Each entry should be repeated exactly. Its pictures should not be.

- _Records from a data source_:
·····

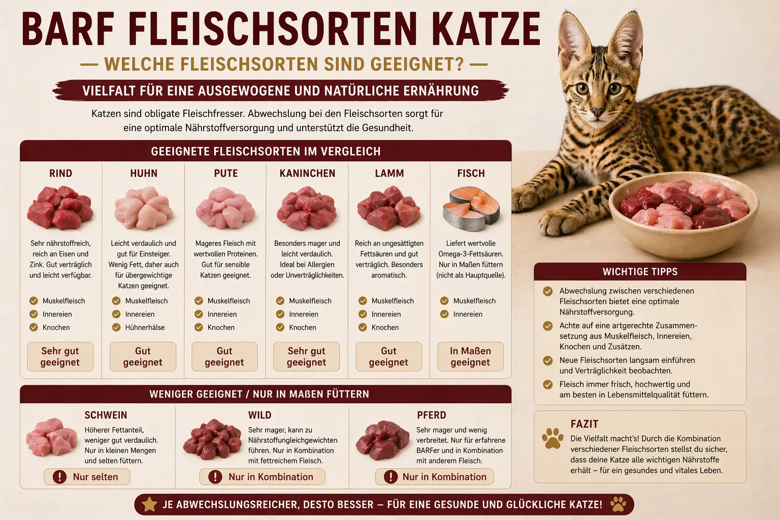 Welche Fleischsorten eignen sich am besten für BARF bei Katzen?
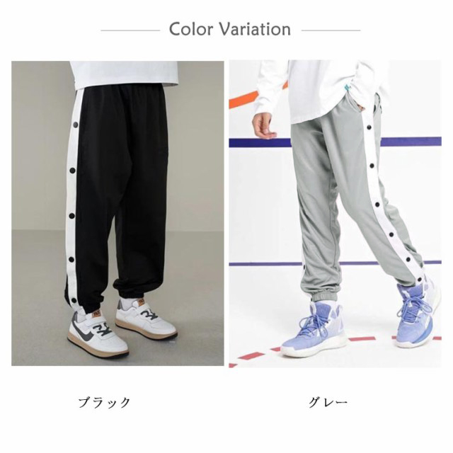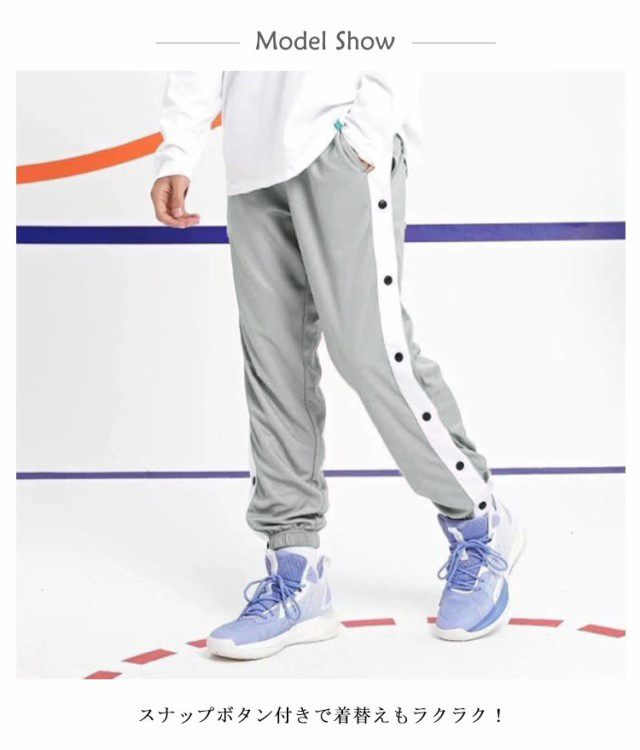 110cm~170cm!サイドのラインがポイントのバスケットパンツ。スナップボタン付きで着替えもラクラク!柔らかく、通気性も良いスウェット素材を使用。一日中快適に着用できます。ゆったりとしたシルエットとウエストのゴムがリラックスした履き心地。バスケットボール・ミニバスケットボールの練習着から、ジムやトレーニングウエアとしても使えます。休日のカジュアルスタイルにも大活躍してくれます。
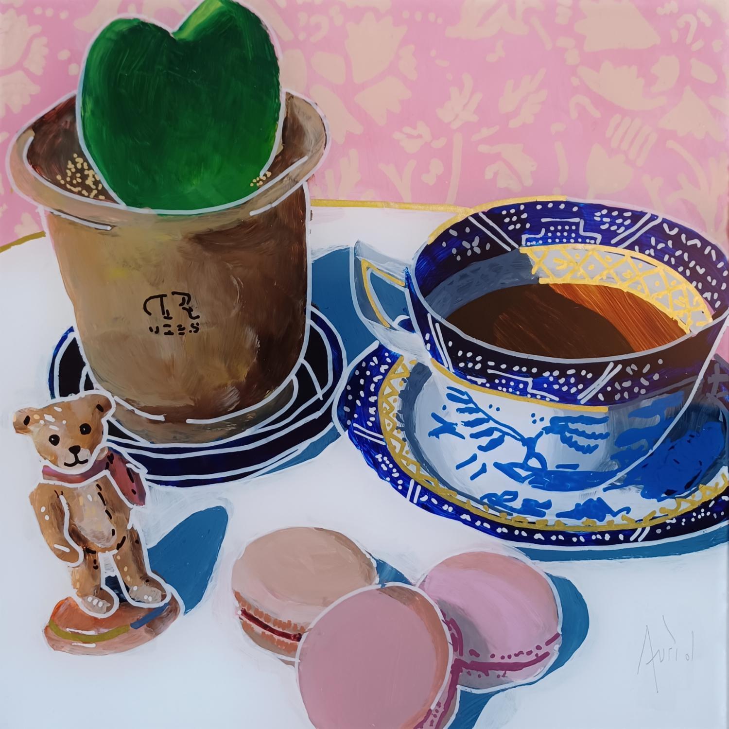Der Künstler verwendete Acryl, Plexiglas, Posca auf Plexiglas, um dieses Kleine Gemälde zum Thema "Stillleben" anzufertigen.
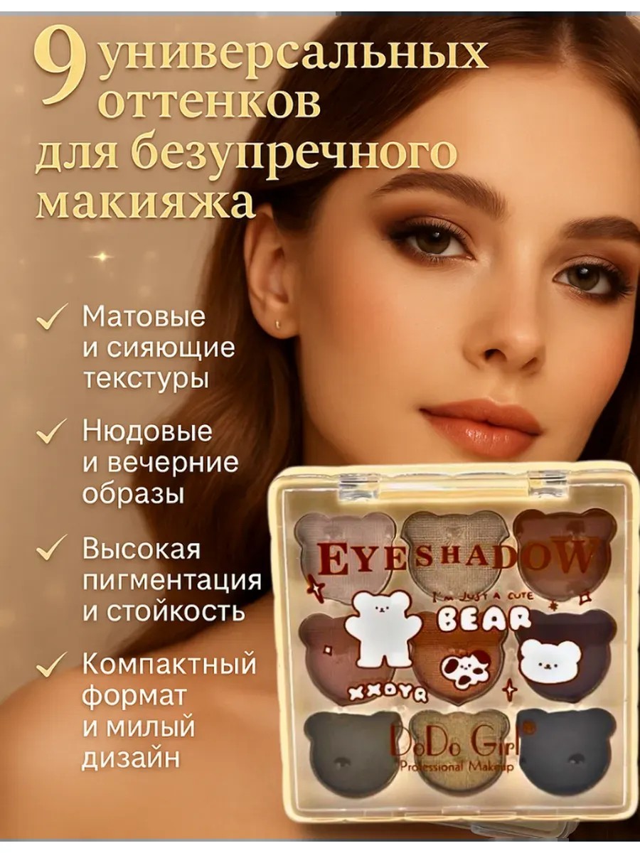This eyeshadow palette in a cute "teddy bear" design is perfect for those who love combining vibrant makeup with convenience and practicality. Its compact case contains nine versatile shades, allowing you to easily create both a delicate daytime look and a dramatic evening makeup look.
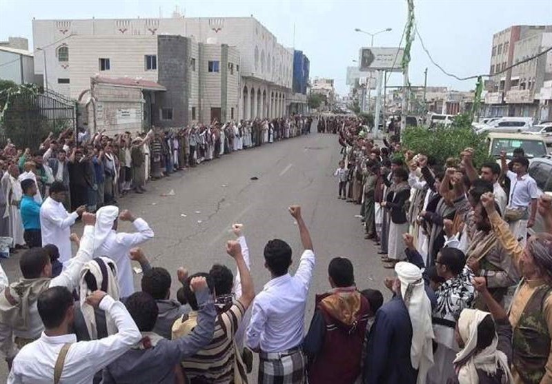 In response to the coalition's crimes, the demonstrators warned that the prolonged blockade will have "dire consequences," encouraging the Yemeni army and its associated fighters from popular committees to escalate their "painful strikes" on targets deep within Saudi Arabia and the United Arab Emirates.

·····

- _Expected answer_:
 Welche Fleischsorten eignen sich am besten für BARF bei Katzen?
 110cm~170cm!サイドのラインがポイントのバスケットパンツ。スナップボタン付きで着替えもラクラク!柔らかく、通気性も良いスウェット素材を使用。一日中快適に着用できます。ゆったりとしたシルエットとウエストのゴムがリラックスした履き心地。バスケットボール・ミニバスケットボールの練習着から、ジムやトレーニングウエアとしても使えます。休日のカジュアルスタイルにも大活躍してくれます。
Der Künstler verwendete Acryl, Plexiglas, Posca auf Plexiglas, um dieses Kleine Gemälde zum Thema "Stillleben" anzufertigen.
This eyeshadow palette in a cute "teddy bear" design is perfect for those who love combining vibrant makeup with convenience and practicality. Its compact case contains nine versatile shades, allowing you to easily create both a delicate daytime look and a dramatic evening makeup look.
 In response to the coalition's crimes, the demonstrators warned that the prolonged blockade will have "dire consequences," encouraging the Yemeni army and its associated fighters from popular committees to escalate their "painful strikes" on targets deep within Saudi Arabia and the United Arab Emirates.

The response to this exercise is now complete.